Baysian hirerchical Linear Regression(Partial Pooling) model using PYMC

Short answer: You should link the shape of Y_obs to one of the shape of the exogenous data, say Location, so pytensor knows internally to update the shape of Y_obs when the shape of Location changes. This was explained in the linked example. You do it as follows:

Y_obs = pm.Normal('Y_obs', mu=mu, sigma=sigma, observed=training_data['Data_Value'], shape=Location.shape[0])

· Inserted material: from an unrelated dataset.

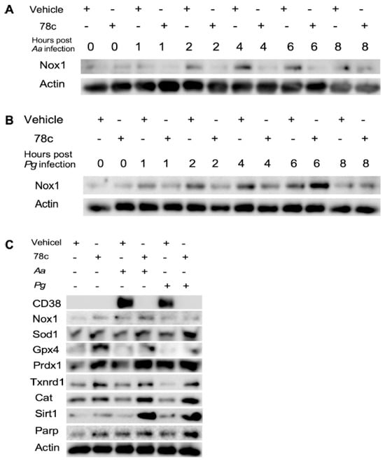 Since excessive ROS causes oxidative stress, contributing to mitochondrial dysfunction in aging [], and NADP+/NADPH serve as coenzymes in the anti-oxidative response to maintain cellular redox homeostasis [,], we hypothesized that the inhibition of CD38 by 78c in old murine BMMs could increase NAD+ and subsequently reduce oxidative stress induced by oral pathogens. As shown in Figure 5A, treatment with 78c (10 μM) for 24 h significantly reduced ROS in old murine BMMs either with or without infection of Aa (* p < 0.05) compared with vehicle controls. Treatment with 78c (1.25 to 10 μM) for 24 h also significantly reduced ROS in old murine BMMs infected with Pg (* p < 0.05, ** p < 0.01, *** p < 0.01). To determine how 78c regulates oxidative response and affects aging-associated immune responses in old murine BMMs, we quantified the mRNA levels of CD38, Nox1, anti-oxidative enzymes (Sod1, Gpx4, Prdx1, Txnrd1, and Cat), and NAD+ consuming enzymes (Sirt1 and Parp1) in old murine BMMs that were either left uninfected or were infected with Aa or Pg for 8 h. Treatment with 78c (5 and 10 μM) reduced CD38 mRNA levels by 44.5% and 61.2% as induced by Aa, respectively, and reduced CD38 mRNA levels by 28.5% and 63.2% as induced by Pg, respectively (Figure 5B). Treatment with 78c dose-dependently reduced Nox1 as induced by Aa or Pg compared with the controls (Figure 5C). Additionally, treatment with 78c dose-dependently enhanced anti-oxidant enzyme (Sod1, Gpx4, Prdx1, Txnrd1, and Cat) mRNA levels in old murine BMMs (Figure 5D–H). Furthermore, treatment with 78c does-dependently enhanced two NAD+ consuming enzyme (Sirt1 and Parp1) mRNA levels in old murine BMMs either uninfected or infected with Aa or Pg compared with controls (Figure 5I,J). Western blot protein assay also showed that treatment with 78c (10 μM) in old murine BMMs suppressed Nox1 protein levels at 1, 2, 4, and 6 h after Aa infection compared with the controls (Figure 6A), and reduced Nox1 protein expressions at 1, 2, and 4 h after Pg infection compared with the controls (Figure 6B). After treatment with 78 c (10 μM) for 24 h, CD38 protein levels were reduced in old murine BMMs infected with Aa or Pg compared with the controls (Figure 6C). At 24 h after treatment, Nox1 protein levels were similar between 78c-treated cells and vehicle-treated cells. We observed enhanced protein levels of anti-oxidant enzymes (Sod1, Gpx4, Prdx1, Txnrd1, and Cat) in uninfected old murine BMMs or Aa- or Pg-infected BMMs compared with the controls (Figure 6C). These results support that 78c attenuated oxidative stress by inhibiting Nox1 mRNA and protein expressions, while enhancing anti-oxidant enzyme mRNA and protein expressions. Additionally, we also observed enhanced NAD+ consuming enzymes (Sirt1 and Parp) proteins in 78c (10 μM)-treated uninfected old murine BMMs or Aa- or Pg-infected BMMs compared with the controls (Figure 6C).

Beyond that, some suggestions:

  1. You should use coords and dims, and shown in the example already linked. This will make your code significantly easier to reason about a read.
  2. Somewhat related, pd.factorize is the suggested way to handle label encoding for PyMC models. See the notes below.
  3. There’s no reason to split up your data. It should be much easier to keep in a matrix, and work with this directly.
  4. Your slopes seem to be wrong. You have a single mean and sigma hyperprior for all feature/location pairs. This encodes that the estimated effect for, say, obesity in location A, is drawn from the same distribution as the effect for the average temperature in region B. I suspect this is not what you intend.
  5. Code inside parenthesis can include line breaks; there’s no need to use this \ notation

My suggested corrections:

import numpy as np
import pandas as pd
import pymc as pm

from string import ascii_uppercase
from sklearn.model_selection import train_test_split

# Generate random data
df = pd.DataFrame(np.random.normal(size=(500, 4)), columns=['obesity_Prevalence', 'data_value_py', 'Avg Temp(°F)', 'AQI'])
df['location'] = np.random.choice(list(ascii_uppercase), size=500, replace=True)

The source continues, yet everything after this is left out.